Several key provisions of the 2017 Tax Cuts and Jobs Act are scheduled to expire this year, and the American Farm Bureau Federation (AFBF) is urging Congress to act. The expiring measures have provided critical tax relief for farm families, many of whom are already facing tight margins and rising costs.
AFBF Associate Economist Samantha Ayoub explains that while corporate tax cuts were made permanent under the 2017 law, the reductions to individual income taxes began phasing out in 2022. The most significant tax increases are expected to hit at the end of this year as more provisions expire.
One of the most pressing concerns is the looming change to the estate tax.

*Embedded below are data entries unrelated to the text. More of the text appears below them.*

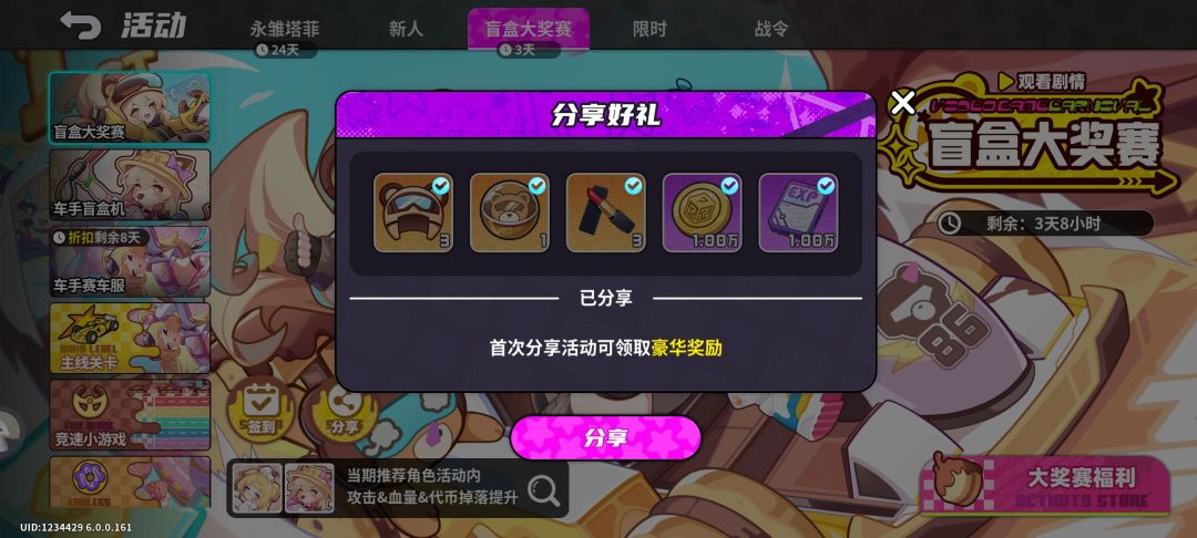 金币本:关卡1/2/3/4/5/6/7/8/9/10分别给1.6/1.7/1.8/1.9/2.0/2.1/2.2/2.3/2.4/2.5万盲盒币,首通奖励与其相同
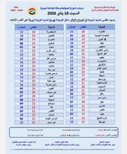 وأشارت الهيئة إلى وجود فرص أمطار خفيفة على مناطق من السواحل الشمالية وشمال الوجه البحرى على فترات متقطعة.
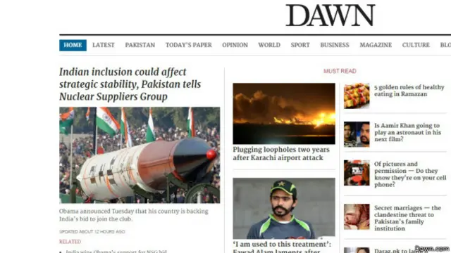 पाकिस्तानी अख़बार ‘डॉन’ ने अपने संपादकीय में लिखा है कि एक तरफ़ अमरीका ने साफ़ किया है कि वो एनएसजी में केवल भारत को सदस्यता दिलाने का इच्छुक है और वैश्विक परमाणु व्यवस्था में इस “असमान व्यवहार” का पाकिस्तान पर पड़ने वाले असर को नकारा जा रहा है.
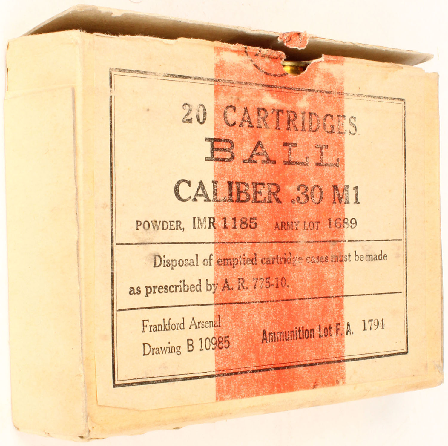 Frankford Arsenal, .30 M1 Ball, 1pc, Full, buff box with buff/red label & black print, box is solid with rub marks, edge wear, pen/pencil marks, & light wear on bottom from bullets, ammo ranges from excellent to very good. Grade: Very Good + - Value: 20 to 40
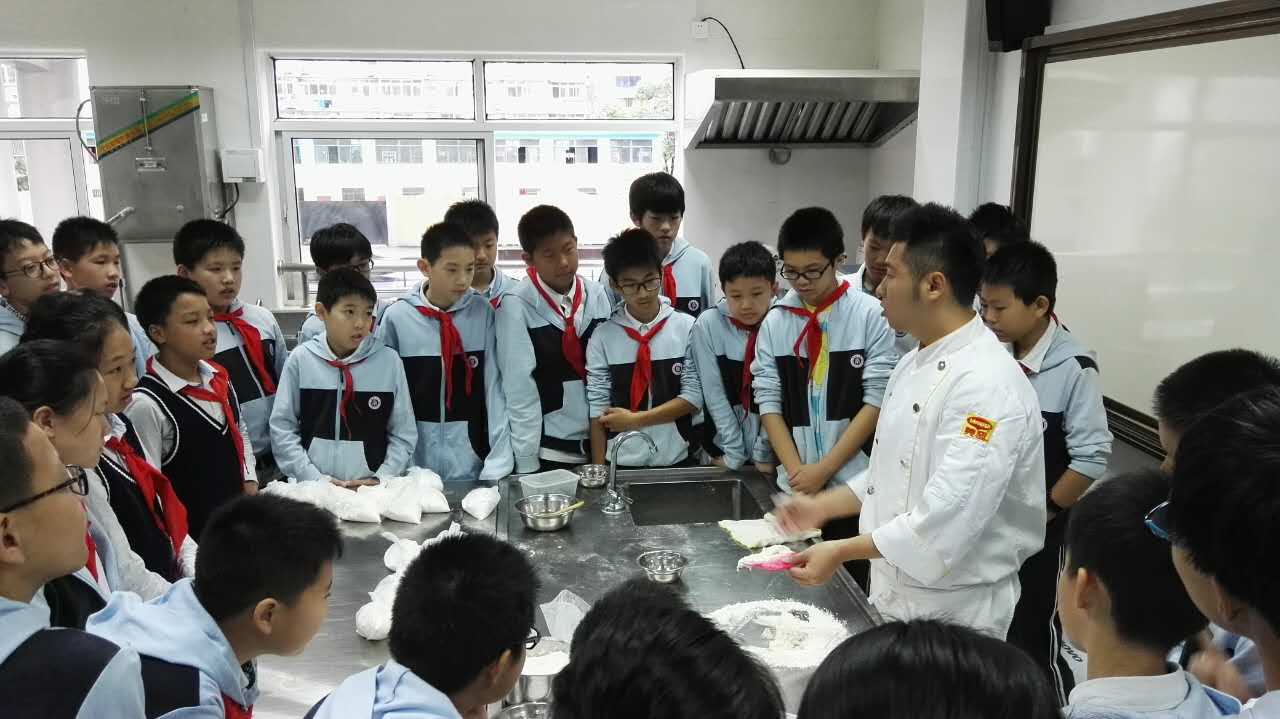 到达目的地后,学生被分成四批分别体验中西烹饪、中西点实训和冷盘食品雕刻中的两项课程。平时孩子们都没机会接触到和烹饪有关的事物,因而面对烹饪老师的技巧和刀工,孩子们都赞叹不已。与此同时香气四溢的菜品也征服了孩子们的味蕾,上课老师展示完毕后,终于轮到同学们大显身手了,孩子们跃跃欲试开始尝试包水饺,但那些看上去很简单的步骤比如擀面皮、调馅等,其实暗藏着大学问。一开始的尝试或许不是那么顺利,但是在老师和其他同组同学的共同协作下,一个个小艺术品成形了,看着自己的杰作孩子们也开怀的笑了。雕花拼盘组的孩子们也体会了别具一格的一课,在课上他们尝试了用小番茄雕刻成兔子的形状,个个栩栩如生,玲珑可爱。

If Congress does not intervene, the current estate tax exemption (set at just over $13 million) will be slashed in half on January 1, 2026, dropping to $7.61 million. That change could have serious consequences for family-owned farms, where land values alone often exceed the exemption threshold.
For many farm families, the death of a loved one won’t just bring emotional loss—it could also bring a crushing financial burden. Without sufficient estate tax relief, heirs may be forced to sell land, equipment, or the entire operation just to cover the tax bill. That threatens not only the future of individual farms, but also the broader fabric of rural communities that depend on agriculture.
The Farm Bureau is calling on lawmakers to extend or make permanent the provisions that protect family farms, warning that failure to act could jeopardize generational legacies across the country.